Since :trac:`13589`, this implementation is superseded by that in
:mod:`sage.misc.c3_controlled`, that puts the ``C3`` algorithm
under control of some total order on categories. This guarantees
that ``C3`` always finds a consistent Method Resolution Order. For
background, see :mod:`sage.misc.c3_controlled`.
INPUT:
- ``start`` -- an object; the returned list is built upon data
provided by certain attributes of ``start``.
- ``bases`` -- a string; the name of an attribute of ``start``
providing a list of objects.
- ``attribute`` -- a string; the name of an attribute of the
objects provided in ``getattr(start,bases)``. That attribute is
supposed to provide a list.
ASSUMPTIONS:
Our implementation of the algorithm only works on lists of
objects that compare equal if and only if they are identical.
OUTPUT:
A list, the result of the C3 algorithm applied to the list
``[getattr(X,attribute) for X in getattr(start,bases)]``.
EXAMPLES:
We create a class for elements in a hierarchy that uses the ``C3``
algorithm to compute, for each element, a linear extension of the
elements above it::
.. TODO:: Move back the __init__ at the beginning
sage: from sage.misc.c3 import C3_algorithm
sage: class HierarchyElement(UniqueRepresentation):
....: @lazy_attribute
....: def _all_bases(self):
....: return C3_algorithm(self, '_bases', '_all_bases', False)
....: def __repr__(self):
....: return self._name
....: def __init__(self, name, bases):
....: self._name = name
....: self._bases = list(bases)
We construct a little hierarchy::
sage: T = HierarchyElement("T", ())
sage: X = HierarchyElement("X", (T,))
sage: Y = HierarchyElement("Y", (T,))
sage: A = HierarchyElement("A", (X, Y))
sage: B = HierarchyElement("B", (Y, X))
sage: Foo = HierarchyElement("Foo", (A, B))
And inspect the linear extensions associated to each element::
sage: T._all_bases
[T]
sage: X._all_bases
[X, T]
sage: Y._all_bases
[Y, T]
sage: A._all_bases
[A, X, Y, T]
sage: B._all_bases
[B, Y, X, T]
So far so good. However::
sage: Foo._all_bases
Traceback (most recent call last):
...
ValueError: Can not merge the items X, Y.
The ``C3`` algorithm is not able to create a consistent linear
extension. Indeed, its specifications impose that, if ``X`` and
``Y`` appear in a certain order in the linear extension for an
element of the hierarchy, then they should appear in the same
order for any lower element.
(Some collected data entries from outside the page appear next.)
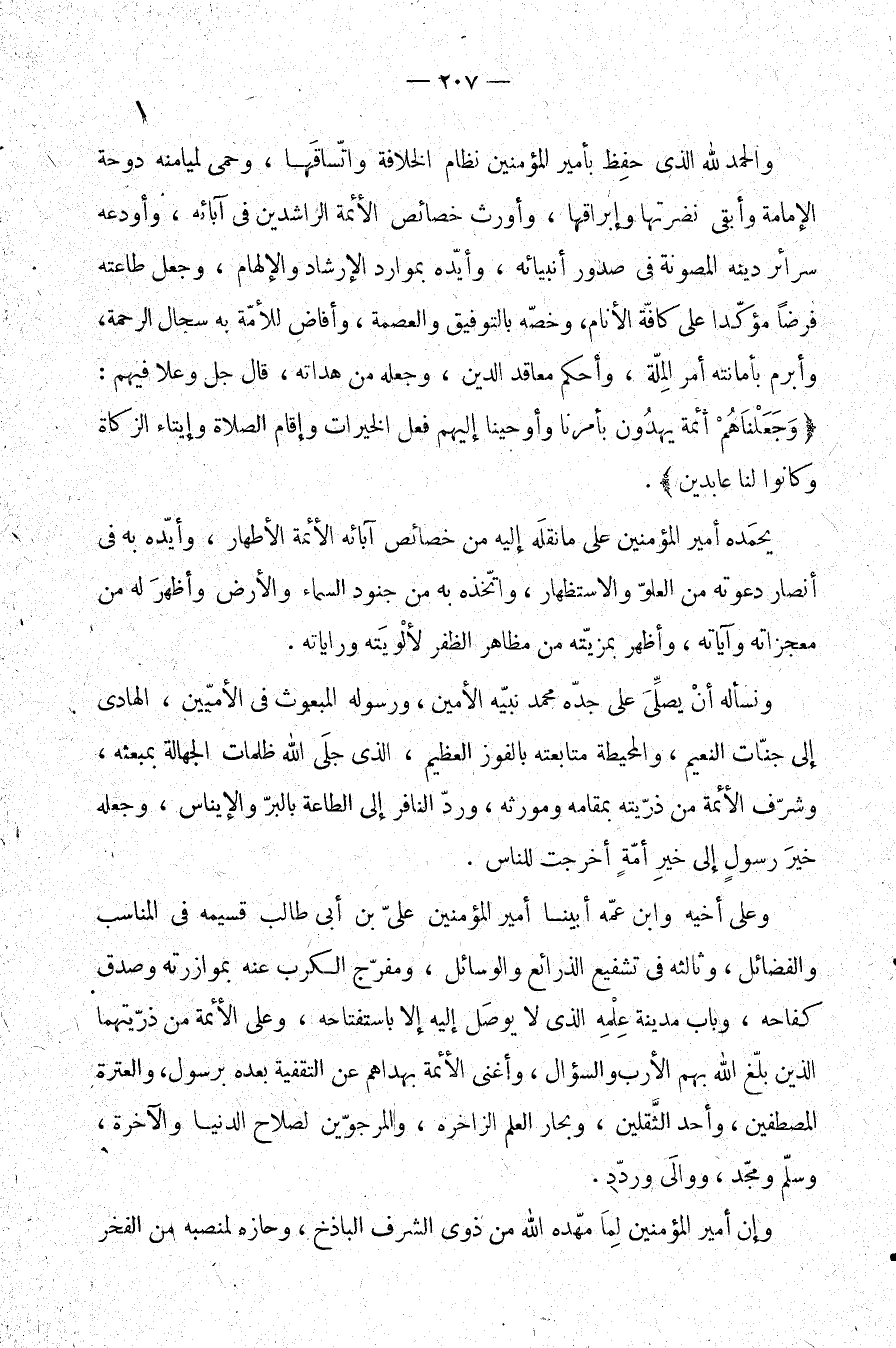 يحمده أمير المؤمنين على ما نقله إليه من خصائص آبائه الأئمة الأطهار، وأيده به في أنصار دعوته من العلو والاستظهار، واتخذه به من جنود السماء والأرض، وأظهر له من معجزاته وآياته، وأظهر بمزيته من مظاهر الظفر لألويته وراياته.
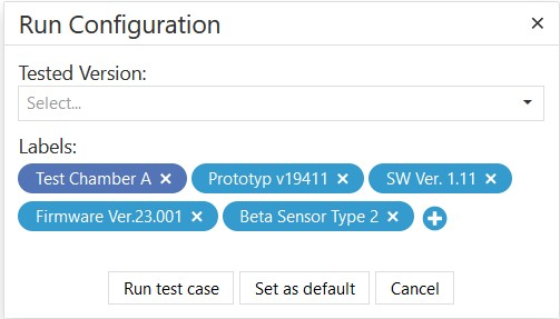 New labels can be added in the run configuration before the execution or in the execution himself. To add a new label klick on the
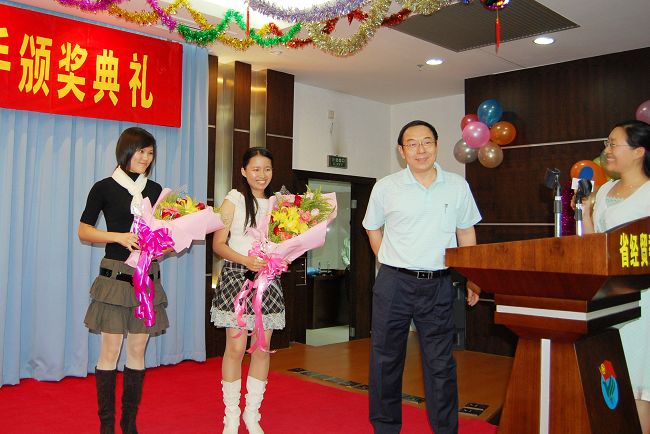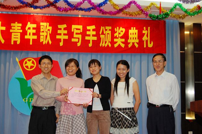颁奖典礼在毕志坚纪检组长热情洋溢的致词中拉开帷幕。毕组长指出,团委今年推出了“月圆南海仔,情满新农村”志愿者活动、“感悟青春,感动经贸”歌手大赛、征文比赛和课题调研“四大品牌”,紧紧围绕委的中心工作开展,将青年团员的热情激发出来,凝聚成了一股强大的力量,取得硕果累累,希望青年团员继续奋发向上,取得更好的成绩。

This is clearly not possibly for
``Foo``, since ``A`` and ``B`` impose incompatible orders. If the
above was a hierarchy of classes, Python would complain that it
cannot calculate a consistent Method Resolution Order.
TESTS:
Regression test for bug #1 of :trac:`13501`::
sage: class C(object): pass
sage: class F(object): pass
sage: class G(object): pass
sage: class B(C,F): pass
sage: class D(F,G): pass
sage: class E(F): pass
sage: class A(B,D,E): pass
sage: [cls.__name__ for cls in A.mro()]
['A', 'B', 'C', 'D', 'E', 'F', 'G', 'object']
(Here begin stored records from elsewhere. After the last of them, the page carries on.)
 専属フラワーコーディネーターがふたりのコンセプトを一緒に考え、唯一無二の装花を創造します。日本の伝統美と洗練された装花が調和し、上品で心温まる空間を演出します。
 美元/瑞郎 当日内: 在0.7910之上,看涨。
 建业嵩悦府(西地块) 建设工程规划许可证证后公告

sage: C = HierarchyElement("C", ())
sage: F = HierarchyElement("F", ())
sage: G = HierarchyElement("G", ())
sage: B = HierarchyElement("B", (C, F))
sage: D = HierarchyElement("D", (F, G))
sage: E = HierarchyElement("E", (F,))
sage: A = HierarchyElement("A", (B, D, E))
sage: A._all_bases
[A, B, C, D, E, F, G]
Regression test for bug #2 of :trac:`13501`. The following should
fail since ``A`` asks for ``B`` to come before ``C``, where as
``B`` is a super class of ``C``::
sage: class B(object): pass
sage: class C(B): pass
sage: class A(B, C): pass
Traceback (most recent call last):
...
TypeError: Error when calling the metaclass bases
Cannot create a consistent method resolution
order (MRO) for bases ...
sage: B = HierarchyElement("B", ())
sage: C = HierarchyElement("C", (B,))
sage: A = HierarchyElement("A", (B,C))
sage: A._all_bases
Traceback (most recent call last):
...
ValueError: Can not merge the items B, C, B.
Since :trac:`11943`, the following consistency tests are part
of the test suites of categories (except for hom categories)::
sage: C = Category.join([HopfAlgebrasWithBasis(QQ), FiniteEnumeratedSets()])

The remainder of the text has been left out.